Hey Johnny. I gave up on the frame by frame and brush method. Took too long, invited robbing, and the brush seems to harm too many bees. I guess there is a technique for using the brush, but I was never able to master it. J


----------



## Newbeek2021 (May 13, 2021)

I see the leafblower method often, is this not practical?


----------



## GregB (Dec 26, 2017)

Fivej said:


> When I went to get the supers to blow them out to put in the garage for extraction, all the bees were on the door window. I mean every single one! I know that they are attracted to light and windows but never expected all of them to leave the super. Will try again tomorrow to see if it was a fluke. J


Why...
The bees need to go home.
Garage with the door windows is very effective separating the bees from whatever they don't belong on.
Been doing it.


----------



## grozzie2 (Jun 3, 2011)

Fivej said:


> I use triangle boards and there are usually some bees that won't get out, more if the nights are warm.
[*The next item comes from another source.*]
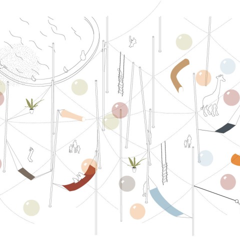 "We designed a participatory environment that reframes the conceptual relation between humankind and structure. It consists of an interconnected system of poles and nets whose equilibrium is constantly affected by human action and environmental factors, such as rain and wind. Upon discovery of its elasticity, visitors engage with the structure to invent games, test its limits or just watch it gently dance. We hope that such an environment re engages the public with the physical realm, triggering increased awareness and care for one’s direct environment."
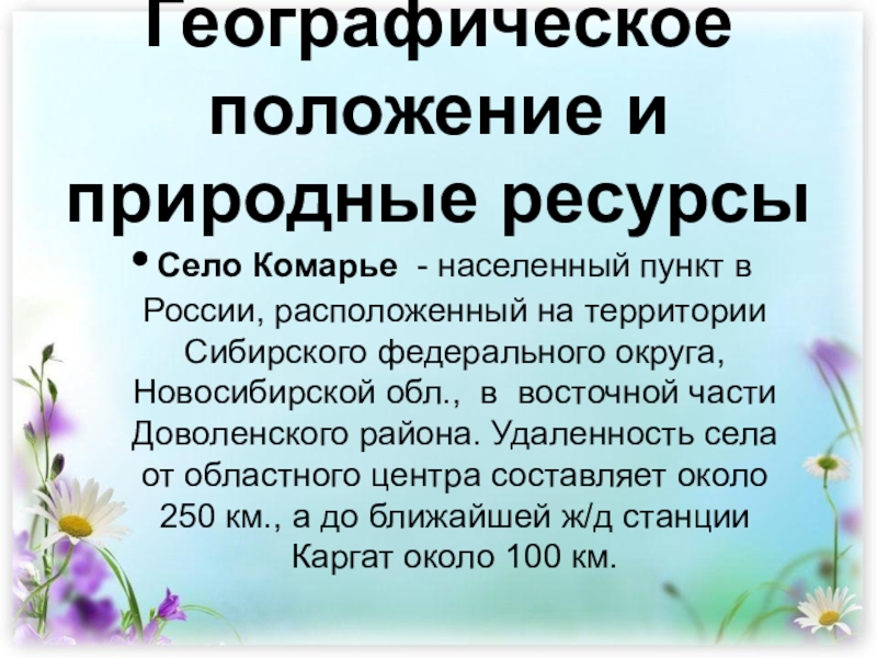 расположенный на территории Сибирского федерального округа, Новосибирской обл., в восточной части Доволенского района. Удаленность села от областного центра составляет около 250 км., а до ближайшей ж/д станции Каргат около 100 км.

How long are you leaving the escapes on ? I've found that if we leave the escapes in place for 3 days there are rarely more than a few bees still in the super.


----------



## Johnnymms (Feb 7, 2020)

Fivej said:


> Hey Johnny. I gave up on the frame by frame and brush method. Took too long, invited robbing, and the brush seems to harm too many bees. I guess there is a technique for using the brush, but I was never able to master it. J


When I use the escape board I usually end up with under 10 bees per frame. I've never had issues with a brush. I just make sure I use gentle flicking motions and target the bees individually. I also use a brush with very soft bristles. I'm sure one day I will use the brush and get lit up but so far I've been lucky.


----------



## Fivej (Apr 4, 2016)

I leave the board on 1 day per super. I only have a few stragglers unless I have 3 or more supers on especially if it doesn't get cold at night. Then I have too many to bring in my garage for extraction. 
Took 3 more off of one hive today, blew them out and put in shed for about an hour and had 15 on the door window. Transferred to garage and have had to remove 2 but that's better than 17. J


----------



## Gray Goose (Sep 4, 2018)

Fivej said:


> I use triangle boards and there are usually some bees that won't get out, more if the nights are warm.
> I stumbled on this today. I hauled a few heavy supers up to my house that had quite a few stragglers. My plan was to blow them out with a leaf blower. This usually requires removing a bunch of frames and spacing remaining frames in order to get them all out. But I was tired and needed a break. It's robbing season, so I stuck them in the shed, tipped up.
> When I went to get the supers to blow them out to put in the garage for extraction, all the bees were on the door window. I mean every single one! I know that they are attracted to light and windows but never expected all of them to leave the super. Will try again tomorrow to see if it was a fluke. J



not a fluke. should be repeatable.
nice if the window opens, like the one in my garage,, crank open with out screen.

GG


----------



## Fivej (Apr 4, 2016)

Window on door doesn't open, but here is another stupid but useful thing I discovered not long ago. After a half century of unsuccessfully trying to shoo flies, wasps, bees and other insects on a door window by opening the door and encouraging their exit through the open door, I found a better way. Open the door as far as it will open and they will all exit through the opening on the hinged side. Works every time. J


----------